SUMMARY OF THE INVENTION

The object of the present invention is to maintain a desired operating temperature of an exhaust treating component in an exhaust line in operating situations where a hydraulic retarder is activated in a vehicle.

This object is achieved with the arrangement of the kind mentioned in the introduction which is characterised by the features indicated in the characterising part of claim 1. A liquid medium led through a hydraulic retarder undergoes powerful warming when the retarder brakes the vehicle's powertrain. The liquid medium is with advantage an oil which has the characteristic that it can be warmed to a high temperature without affecting its characteristics. The warm liquid medium leaving the retarder needs in all circumstances to be cooled before it can be used again in the retarder. When the retarder is activated, the vehicle is engine-braked and cold air is pumped through the exhaust line, with consequent risk of exhaust treating components in the exhaust line being cooled to a temperature at which they cannot clean the exhaust gases in a desirable way. The exhaust treating components therefore need to be warmed while at the same time the liquid medium in the retarder' s brake system needs to be cooled. According to the invention the brake system comprises a first line which leads the warm liquid medium from the activated retarder to a first heat exchanger situated in the exhaust line at a point upstream of the exhaust cleaning component. The air pumped through the exhaust line thus undergoes warming while at the same time the liquid medium undergoes cooling. The exhaust cleaning component can thus maintain a relatively high temperature throughout the period when the retarder is activated and the vehicle is engine -braked, and therefore begin to clean the exhaust gases in a substantially optimum way as soon as the retarder is inactivated and fuel is again injected into the engine.

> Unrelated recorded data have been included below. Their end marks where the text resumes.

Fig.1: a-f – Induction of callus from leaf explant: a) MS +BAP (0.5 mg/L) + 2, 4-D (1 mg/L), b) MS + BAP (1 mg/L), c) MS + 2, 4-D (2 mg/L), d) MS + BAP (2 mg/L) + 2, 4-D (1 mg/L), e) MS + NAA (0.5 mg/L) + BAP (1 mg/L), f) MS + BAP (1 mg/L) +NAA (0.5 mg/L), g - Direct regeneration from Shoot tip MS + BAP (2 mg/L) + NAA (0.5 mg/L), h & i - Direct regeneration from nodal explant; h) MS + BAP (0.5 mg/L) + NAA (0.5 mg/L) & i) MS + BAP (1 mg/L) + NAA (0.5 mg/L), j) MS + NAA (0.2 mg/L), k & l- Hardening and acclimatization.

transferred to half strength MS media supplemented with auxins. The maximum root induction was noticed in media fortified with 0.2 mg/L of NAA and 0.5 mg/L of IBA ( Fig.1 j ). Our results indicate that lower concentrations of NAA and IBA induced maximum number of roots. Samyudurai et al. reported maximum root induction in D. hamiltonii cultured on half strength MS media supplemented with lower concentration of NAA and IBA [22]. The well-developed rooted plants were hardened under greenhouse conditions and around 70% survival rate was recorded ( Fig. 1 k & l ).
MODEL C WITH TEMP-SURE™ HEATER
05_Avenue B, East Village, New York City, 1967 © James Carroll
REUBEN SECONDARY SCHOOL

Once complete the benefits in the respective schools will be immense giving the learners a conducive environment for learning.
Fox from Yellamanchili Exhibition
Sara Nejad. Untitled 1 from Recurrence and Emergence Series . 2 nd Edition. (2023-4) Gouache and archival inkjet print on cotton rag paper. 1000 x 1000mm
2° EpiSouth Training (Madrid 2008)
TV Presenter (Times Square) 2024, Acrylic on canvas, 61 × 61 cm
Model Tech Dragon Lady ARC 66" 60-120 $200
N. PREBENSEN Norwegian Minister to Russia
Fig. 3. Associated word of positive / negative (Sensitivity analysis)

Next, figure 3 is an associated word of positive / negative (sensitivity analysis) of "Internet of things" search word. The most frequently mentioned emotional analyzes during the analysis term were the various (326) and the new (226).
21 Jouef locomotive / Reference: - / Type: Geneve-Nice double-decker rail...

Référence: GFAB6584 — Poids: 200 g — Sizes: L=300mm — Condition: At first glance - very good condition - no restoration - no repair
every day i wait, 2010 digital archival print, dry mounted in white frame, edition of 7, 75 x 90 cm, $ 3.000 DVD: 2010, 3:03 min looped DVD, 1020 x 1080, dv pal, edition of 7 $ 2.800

In one embodiment of the present invention the exhaust line is divided into two parallel lines in a section situated between the engine and the exhaust treating component, and the first heat exchanger is situated in one of said parallel lines. The arrangement may comprise a first flow element adapted to distributing the gas flow in the exhaust line between the two parallel lines. This means that the whole exhaust flow from the engine can be led through the parallel line which has no heat exchanger when the retarder is not activated. The heat exchanger will thus not act upon the exhaust gases during operation of the engine. The whole or parts of the air flow can be led through the other parallel line which has the heat exchanger when the retarder is activated and the vehicle is engine-braked. Thus the air pumped through the exhaust line in operating situations where the retarder is activated can be warmed by the warm liquid medium from the retarder.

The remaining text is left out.